La spéculation immobilière et la multiplication des logements vides dans les capitales sont des maux fréquents en ce début de XXIe siècle et Asunción, la capitale du Paraguay, n’y échappe pas, comme le décrit cet article de Romina Cáceres publié par El Surti (Paraguay) le 24 septembre 2024 [1].


Le rêve de posséder sa propre maison est noyé par des prix inabordables pour les familles qui veulent vivre dans la capitale. Les problèmes d’une ville qui s’étend.

L’annonce de la construction d’un gratte-ciel en verre de 250 mètres de haut fait la une des médias. On dit que ce sera le plus haut bâtiment du Paraguay et le quatrième d’Amérique du Sud, avec des appartements, un hôtel et une place à l’européenne. Le tout sur l’avenue Santa Teresa, dans le quartier des affaires, où le mètre carré peut coûter 2,500 dollars (voire plus). On fait également la promotion de 50 nouveaux bâtiments et annoncent que le niveau d’investissement va relancer la construction. Sur les réseaux sociaux, on invite les investisseurs à investir dans des appartements et à ne pas les considérer comme leur maison.

Le revers de la médaille de ce boom immobilier très médiatisé, ce sont des tours où personne ne vit, mais qui rendent la vie de plus en plus difficile dans la capitale.

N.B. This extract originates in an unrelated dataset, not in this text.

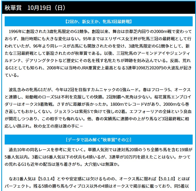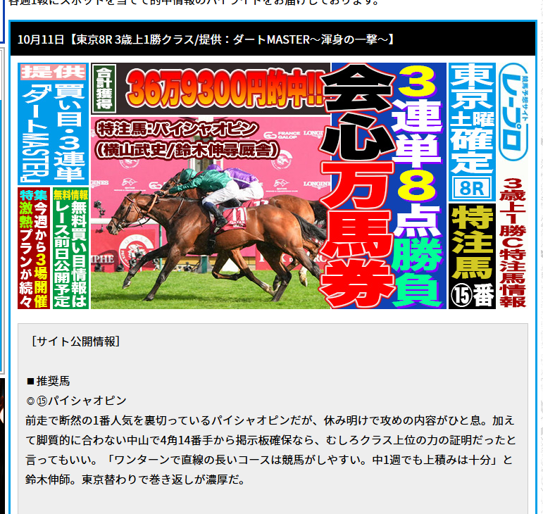 投稿者:さん週末の注目レースで秋華賞がピックアップされた。先週も先々週も俺はこの情報で馬絞れたし無料で見れるし、ほんと個人的に良い情報だと思ったのでお勧めします。重賞やる人は見た方が良いと思ってここに投稿させてもらいました。

Selon le recensement de 2022, Asunción est la ville qui compte le plus de logements inoccupés, suivie par Ciudad del Este dans le département de l’Alto Paraná. Au niveau national, 335,809 bâtiments sont inoccupés, ce qui représente 16 % du nombre total de logements dans le pays. Ce chiffre comprend les résidences secondaires, les maisons en cours de réparation ou de construction, et celles à usage commercial ou professionnel. Si l’on exclut ces types de logements, la capitale compte 16,099 logements inoccupés : 11,865 sont inhabités, 2,920 sont à louer ou à vendre et 1,314 sont abandonnés, comme ceux du centre historique. Cela équivaut à la quasi-totalité des maisons occupées dans les villes de Concepción, Caacupé ou Villarrica. La même tendance, bien que dans une moindre mesure, s’observe à Luque, San Lorenzo et Capiatá.

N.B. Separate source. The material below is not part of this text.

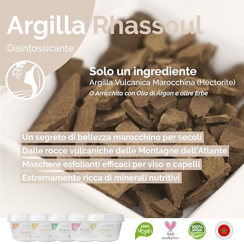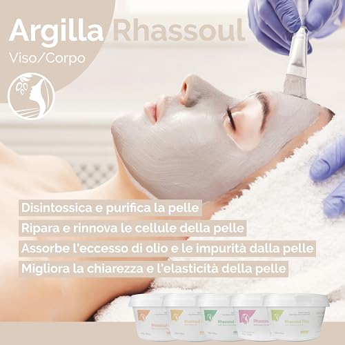 MASCHERA VISO RIGENERANTE: Mescolate l'argilla con acqua o acqua di rose per creare una maschera facciale che purifica profondamente. Applicate evitando occhi e labbra, lasciate agire per 10-15 minuti e sciacquate, poi idratate con olio di Argan o di semi di fico d'India per un effetto nutritivo.

« À Asunción, énormément d’immeubles sont construits pour faire des logements mais ils restent inoccupés, ou bien les logements sont abandonnés et sont maintenant à louer ou à vendre », explique Norma Medina, directrice générale de la production statistique à l’Institut national de statistique (INE). Même s’il n’existe pas encore une analyse du déficit de logements prenant en compte les résultats du dernier recensement, l’enquête permanente sur les ménages de 2020 indique que la demande de nouveaux logements dans le pays est de 73 421 unités et que le déficit qualitatif, qui se réfère aux améliorations et aux extensions, est plus important.

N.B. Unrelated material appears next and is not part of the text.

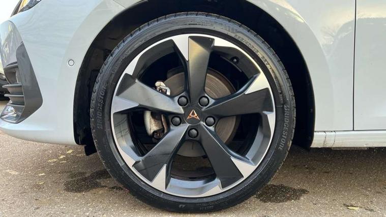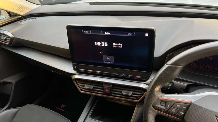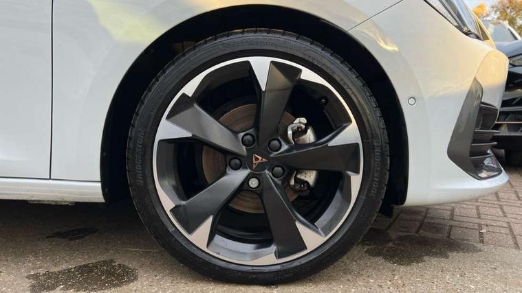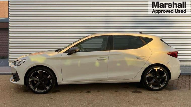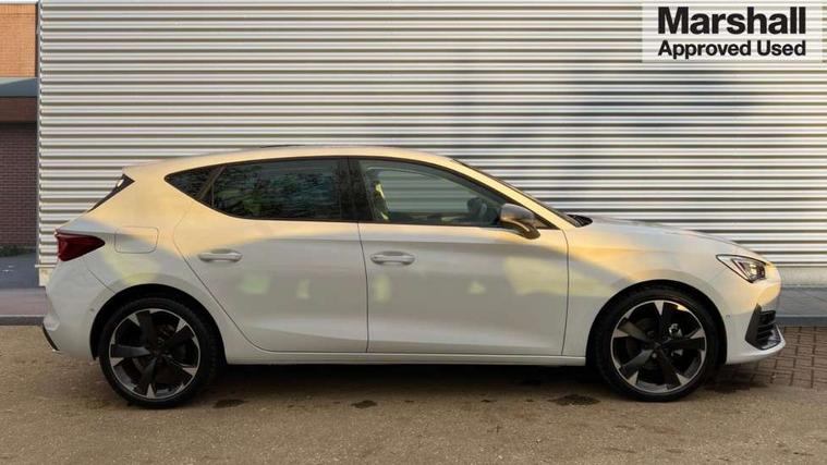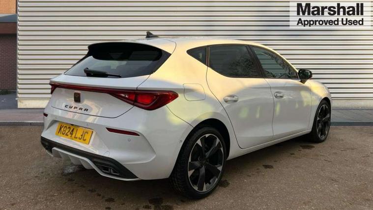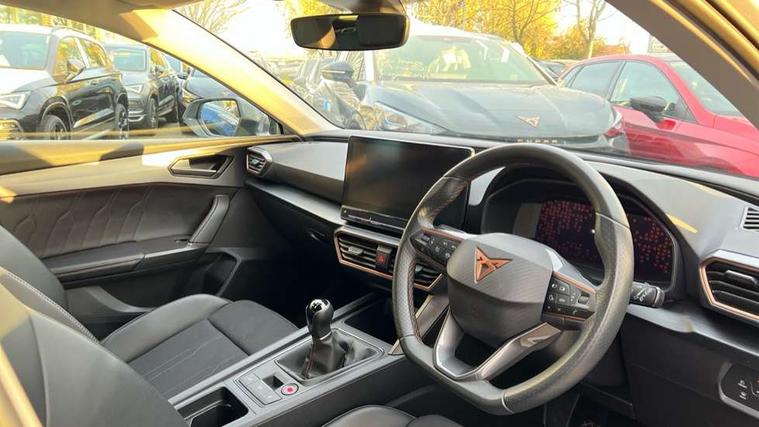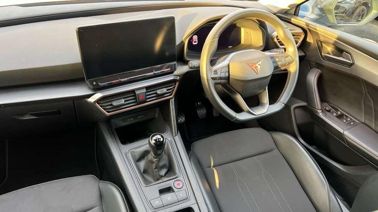 CUPRA drive profile selection with (Comfort/Sport/Individual), throttle response and gearshift mode, Digital cockpit, E-call, Electro mechanical speed sensitive power steering, Four x USB Type C ports (2 in front and 2 in rear), Front assist with forward collision warning braking reaction to vehicles, pedestrians and cyclists, Full link smartphone integration with Mirror Link, wireless Apple CarPlay and wired Google Android Auto, Lane assist, Lockable tailgate, Park assist (inc front/rear parking sensors), Rear view camera, RPM, trip computer, outside temp gauge, instrument light brightness, low fuel warning light, lights on reminder, gearshift indicator, Service interval indicator, Start/stop system with regenerative braking, Wireless phone charger, Sports suspension, Auxiliary input socket, Auto dimming rear view mirror, Body colour door handles, Body coloured bumpers, Cupra sports bumpers, Dark tinted rear windows, Electric front/rear windows, Electrically adjustable, heated and folding door mirrors, LED front fog lamps with cornering function, LED headlights with dynamic turn signals, tail lights, rear fog lights with rear coast to coast lighting, Rain sensing wipers, Rear diffuser with twin exhaust pipe on each side, Rear side wing doors, Rear wash/wipe, Separate daytime running light with automatic headlight control and coming home feature, Third brake light, 12v power supply in centre console, 3 seat bench in 2nd row, 5 headrests, 60/40 split rear bench seat with armrest, Ambient lighting with glovebox, footwell and single monocolour, Cupra Leather flat bottomed, perforated steering wheel, Driver/passenger manual seat height adjustment, Folding boot cover, Front and rear reading lights X 4, Front centre armrest, Front seats manual lumbar adjustment, Grey headlining, Height/reach adjust steering wheel, Illuminated interior front door sills, ISOFIX points in outer rear seats with top tether anchorage points, Jack and tool kit, PVC/Cloth upholstery with copper stitching, Single front passenger seat, Sports seats, Sunvisors with illuminated mirror, Three zone climate control, Media system plus with navigation pack - Leon Cupra, Safety and driving pack (M) - Cupra leon, 3 point seatbelts on all rear seats, ABS, Brake control system - ESC and brake booster, Child proof door locks, Cupra black brake calipers, Driver and front passenger airbags with front passenger airbag de-activation, front side and curtain airbags, Electronic parking brake, Extended safety system - seat belt tensioner, window closure and hazard lights, Hill hold control, Rear disc brakes, Seat belt reminder for front and rear seats, Tiredness recognition system, Tyre pressure monitoring system, Anti theft alarm system with interior monitoring in cab, backup horn and towing protection, KESSY Advanced - Keyless start, keyless entry, Locking wheel bolts, Chrome and copper interior detailing, 18" Machined sport black and silver alloy wheels with 92Y tyres,

Alors que la ville se vide, certaines familles rêvent encore d’acheter une maison dans la capitale

Mabel Villagra, 36 ans, travaille dans son entreprise de thermos munis de housses et vit avec son mari et leur fille dans un duplex à Asunción, qu’ils louent pour environ 330 dollars par mois (2 500 000 guaranís paraguayens, ou PYG). Pour des raisons professionnelles et scolaires, ils souhaitent rester dans la capitale. Ils ont commencé à chercher une maison il y a un an mais, comme tous les deux sont travailleurs indépendants, ils ont du mal à obtenir un prêt conséquent. La stratégie recommandée par un conseiller est que chacun accumule au moins deux années de facturation de la TVA avant de demander un prêt.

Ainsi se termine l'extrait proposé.